Watch Time Frame 3:14+

@Bill_Bright
Here is my manual
ftp://ftp.scythe-eu.com/Manuals/CPU-Cooler/Ashura_Manual(new).pdf
Line method will provide better temperatures on the coolers where the base and the pipes have gaps. Reason being, much of the TIM will push into the gaps rather than across the IHS. You know, has to do with that perfection thing you speak of. Can be in the order of 3-5 degrees depending on how poor the build quality is.

Please note Both Fuma and Ashura Manuals state Apply Thermal Grease evenly.

For my builds that have a base plate hsf I use the spread method whether ihs or raw die.

Direct heatpipes i use the line.
 
Last edited:
I know folks here might faint when they read this, but I just used the preinstalled TIM on the new HSF. It was actually checkerboarded on the base instead of a solid coating like AMD’s WS cooler had. Like I said, so far so good, temps are much better managed now.
 
I know folks here might faint when they read this, but I just used the preinstalled TIM on the new HSF. It was actually checkerboarded on the base instead of a solid coating like AMD’s WS cooler had. Like I said, so far so good, temps are much better managed now.
I've used the stock TIM on heatsinks before, totally acceptable unless it's really poor or if you want to get the absolute best out of your cooler then you can probably shave another 3-5c if your lucky with some aftermarket stuff, on the whole most of works fairly adequately though.
 
I know folks here might faint when they read this, but I just used the preinstalled TIM on the new HSF. It was actually checkerboarded on the base instead of a solid coating like AMD’s WS cooler had. Like I said, so far so good, temps are much better managed now.

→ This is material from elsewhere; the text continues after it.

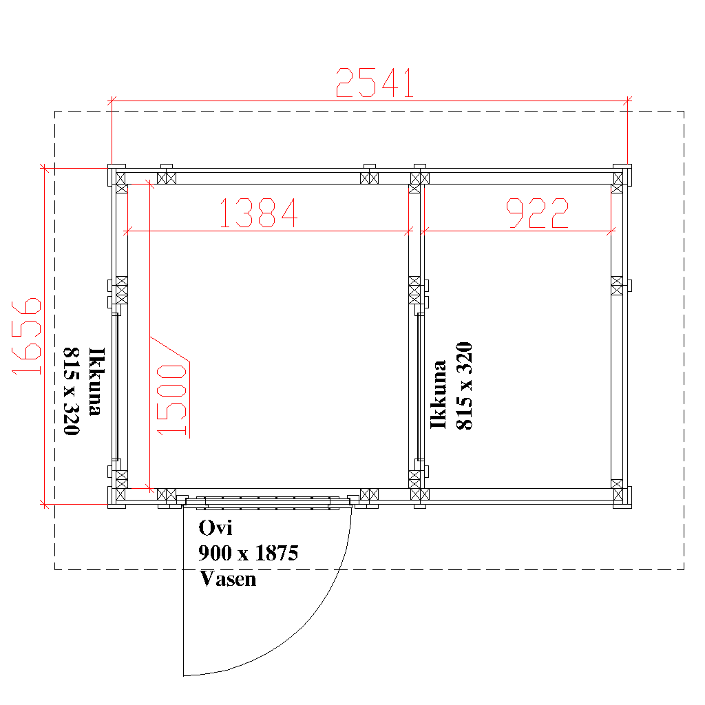 Kattava puuosatoimitus sisältää kaiken, mitä pystytykseen tarvitset: materiaalit, kiinnikkeet ja ohjeet. Rakennus toimitetaan oletuksena ilman vesikatetta, jotta saat kaiken valmiiksi kerralla, valitse sopiva katemateriaalimukaan tilaukseen oheisesta valikosta. Puuosat ovat ilman pintakäsittelyä, joten voit maalata tai käsitellä rakennuksen täysin oman makusi mukaan.
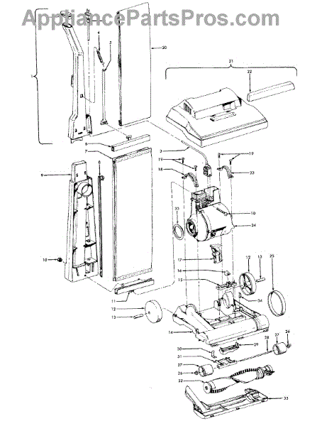 Parts for Hoover U4457: 04 - Motor, Handle, Mainbody, Outerbag, Hood Parts

By all means use the factory application, as long as there is no dust/debris in it. Typically OEM pastes are equivalent to MX2.
 
Line method will provide better temperatures on the coolers where the base and the pipes have gaps. Reason being, much of the TIM will push into the gaps rather than across the IHS.
??? That would depend on the direction you lay down the lines, the placement of those lines, and how much TIM is applied. I don't see where it makes a difference as long a full coverage is achieved, no insulating air is trapped between mating surfaces, and excess TIM is kept to a minimum. And to me, that is the same criteria regardless the method used.
I know folks here might faint when they read this, but I just used the preinstalled TIM on the new HSF.
10 -15 years ago, it would have been frowned upon to use the OEM TIM. But cooler and CPU makers heard the complaints. So not only are today's OEM coolers much more efficient (and quieter) but the OEM TIM is much more efficient these days too.

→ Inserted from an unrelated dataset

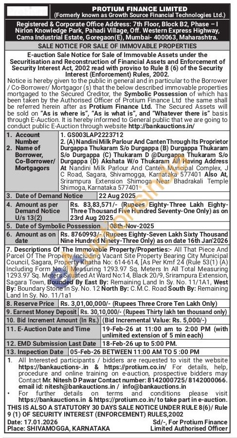 Descriptions Of The Immovable Property/Properties:- All That Piece And Parcel Of The Property Including Vacant Site Property Bearing City Municipal Council, Sagara, Property Khatha No: 614-614, [As Per Kmf 24 (Rule 53(1) (A) Including Form No.3] Measuring 1293.97 Sq. Meters In All Total Measuring 1293.97 Sq. Meters Situated At Ward No:14, Black 20/9, Srirampura Extension, Sagara Town, Bounded By East By: Remaining Land In Sy. No. 11/1A1, West By: Boundary Stone In Sy. No. 12 North By: C.M.C. Road South By: Remaining Land In Sy. No. 11/1a1

These days, I use the OEM TIM and only use after market TIM if I have to pull the cooler for some reason (never reuse old TIM).
then you can probably shave another 3-5c if your lucky with some aftermarket stuff
That's the thing. If you "need" that extra 3 - 5°C to keep from reaching or crossing the thermo-protection thresholds, you have other pressing matters in need of your attention first - like case cooling or the CPU fan itself.
Watch Time Frame 3:14+
Yeah, I have watched that before. Looks like they are using 10 times too much to me. TIM should NOT be a layer sitting between the mating surfaces. The best (and fastest) transfer of heat occurs with direct metal to metal contact. All the TIM needs to do is fill the tiny gaps and microscopic pits and valleys in the mating surfaces so insulating air cannot get in. Any excess is in the way regardless how efficient the TIM is. Not to mention, if you apply too much, you risk it getting squished out and onto some place it does not belong.